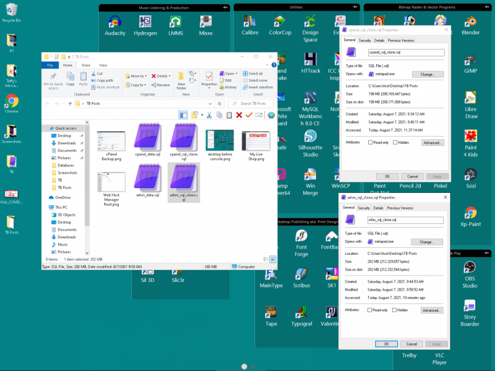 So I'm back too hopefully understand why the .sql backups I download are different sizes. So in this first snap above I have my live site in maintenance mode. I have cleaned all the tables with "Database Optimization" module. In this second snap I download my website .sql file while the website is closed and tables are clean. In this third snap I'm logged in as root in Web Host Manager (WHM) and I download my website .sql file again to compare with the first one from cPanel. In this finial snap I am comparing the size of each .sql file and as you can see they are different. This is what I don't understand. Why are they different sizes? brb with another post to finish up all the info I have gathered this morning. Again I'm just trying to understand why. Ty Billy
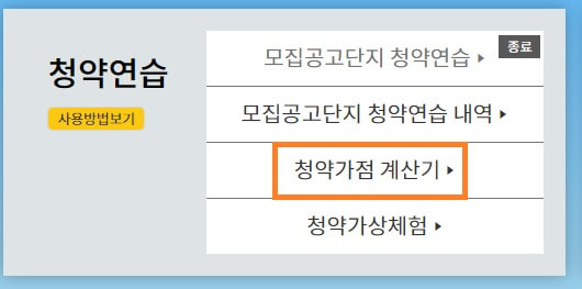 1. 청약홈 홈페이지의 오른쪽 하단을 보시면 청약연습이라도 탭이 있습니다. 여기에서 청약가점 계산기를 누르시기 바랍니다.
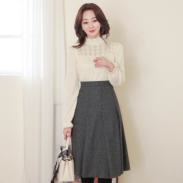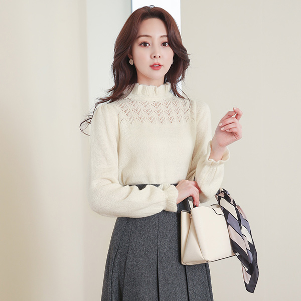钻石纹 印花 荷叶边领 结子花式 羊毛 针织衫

• • • • •

▶ TASK STATEMENT
Where a line contains "1. 청약홈 홈페이지의", begin there and set down exactly each line through the end of the data above, omitting any pictures.

▶ EXPECTED ANSWER
 1. 청약홈 홈페이지의 오른쪽 하단을 보시면 청약연습이라도 탭이 있습니다. 여기에서 청약가점 계산기를 누르시기 바랍니다.
钻石纹 印花 荷叶边领 结子花式 羊毛 针织衫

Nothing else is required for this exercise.